Un prédicateur récite à haute voix Ie Pater : Pardonnez-nous nos offenses comme nous pardonnons à ceux qui nous ont offensés.

L'homme réplique : Ah! non... ah! non alors... jamais !»

Puis, il s'en va de la Grotte, révolté.

Sur le chemin du retour, un prêtre le rencontre et l'aborde :

« Qu'avez-vous, Monsieur ? Vous semblez fatigué !

- Laissez-moi, réplique-t-il...

- Mais mon cher ami, entre frères, on peut bien se rendre des services...

-Des services ? Des services ? Vous ne pouvez rien pour moi. Vous pensez ! Je sors de prison : quinze années de ma vie pour un crime que je n 'ai pas commis ; j 'ai été dénoncé par un de mes meilleurs amis. Ma femme venait me voir quand elle le pouvait et elle m 'avait promis de m 'emmener avec elle à Lourdes, à ma sortie.

Ma femme est morte, mais je suis venu pour voir. Mais je vous assure qu 'ayant entendu tout à l'heure cette phrase, comment voulez-vous que je pardonne à mon ami qui m'a fait tant de mal ?»

Le prêtre, bouleversé par cette confession, réfléchit un instant et lui répond :

« Vous savez, nous sommes tous pécheurs, et si vous voulez avoir la paix dans votre âme, comment voulez-vous que Dieu nous pardonne, si nous ne nous pardonnons pas nous-mêmes.

Alors, il faut mettre votre conscience en paix...»

Et, tout en marchant le long du Gave, I 'homme, après avoir longuement gardé le silence, confesse ses péchés...

Après l'absolution, le prêtre lui donne une cordiale poignée de main et lui dit : «Tout cela est fini maintenant, n 'en parlons plus Etes-vous content ?»

« Oui, répondit-il, parce que, maintenant, je sais que j 'ai pardonné. »

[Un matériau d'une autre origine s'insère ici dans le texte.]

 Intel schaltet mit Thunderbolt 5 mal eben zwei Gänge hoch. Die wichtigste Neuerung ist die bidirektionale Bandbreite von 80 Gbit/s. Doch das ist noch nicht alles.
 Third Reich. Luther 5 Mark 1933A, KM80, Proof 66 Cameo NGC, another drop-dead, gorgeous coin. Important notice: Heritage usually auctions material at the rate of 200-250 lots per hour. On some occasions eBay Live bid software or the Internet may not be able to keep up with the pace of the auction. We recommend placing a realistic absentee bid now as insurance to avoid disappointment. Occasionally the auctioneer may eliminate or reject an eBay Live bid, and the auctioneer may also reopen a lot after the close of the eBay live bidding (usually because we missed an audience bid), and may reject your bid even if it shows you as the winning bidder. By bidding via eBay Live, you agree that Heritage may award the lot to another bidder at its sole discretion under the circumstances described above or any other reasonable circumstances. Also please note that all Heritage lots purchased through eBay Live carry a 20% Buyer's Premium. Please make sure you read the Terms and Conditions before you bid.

Le jour de son départ, il se rend aux fontaines pour prendre de l'eau aux robinets. La petite jeune fille qu'il avait vue le soir de son arrivée est là.

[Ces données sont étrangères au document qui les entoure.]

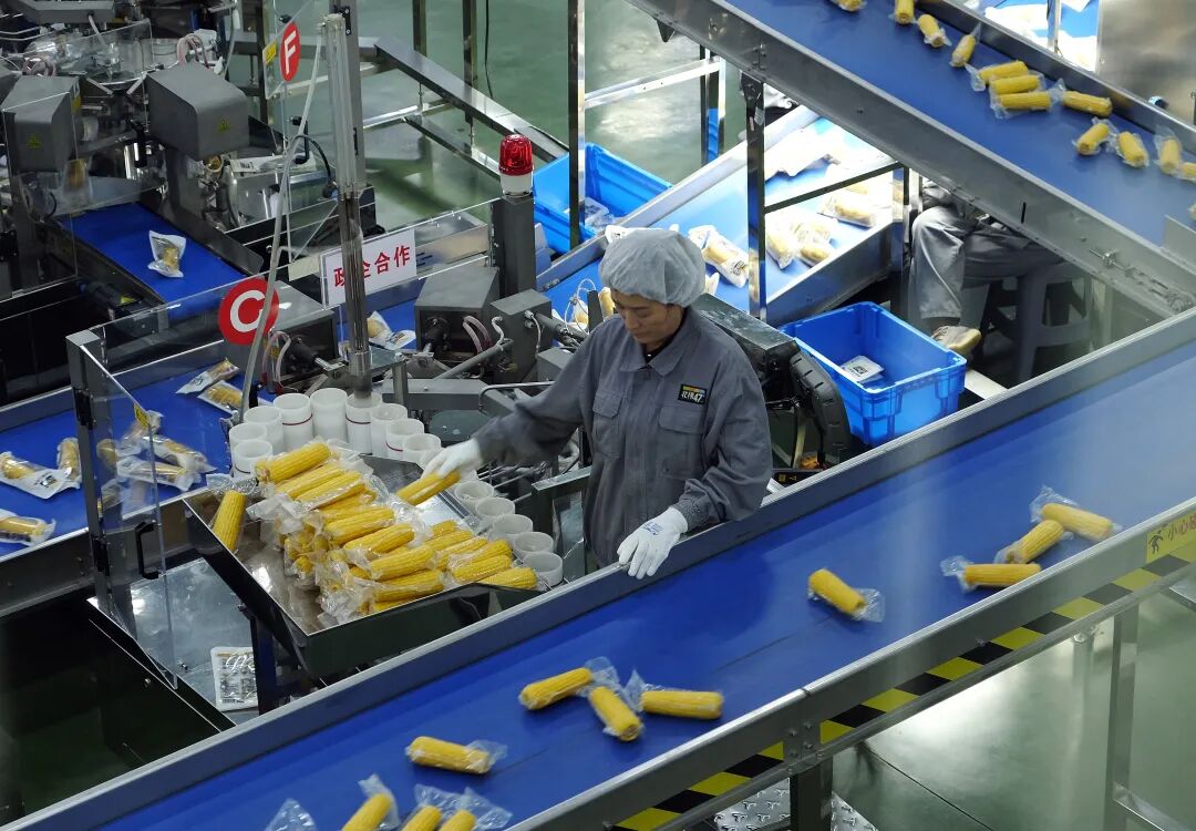 齐齐哈尔市依安县某有机食品有限公司生产车间,工人在分装鲜食玉米。魏海摄(新华社)

Elle l'aborde: « Monsieur, vous n 'avez pas de gobelet, je peux vous passer le mien. » Et elle détache l'objet de sa ceinture. Puis elle continue : « Je vous ai aperçu, I 'autre jour, à la Grotte. Vous sembliez si troublé...»

« Mademoiselle, répond-il, c'est fini, car maintenant, j'ai la paix dans mon âme...»

Et la jeune fille réplique: « Et voyez-vous, moi aussi, car mon père était malade d'un cancer et, avant de mourir, il voulait obtenir le pardon d'un ami qu'il avait fait condamner à tort à quinze ans de prison...»

La jeune fille avait cinq ans à l'époque des faits, elle a donc vingt ans au moment de notre histoire.

« Ah c'est toi, ma petite Thérèse ! s'écrie l'homme. Je te reconnais maintenant !...»

« Vous !!!?» balbutie la jeune fille. « Oui, moi, continue l'homme, Eh bien, maintenant tous les deux, nous allons porter mon pardon à ton père dans la prière».

Cette histoire véridique prouve que la Sainte Vierge n'abandonne jamais ses enfants quand on La prie avec ferveur, et qu'Elle est la médiatrice de la grâce du Seigneur.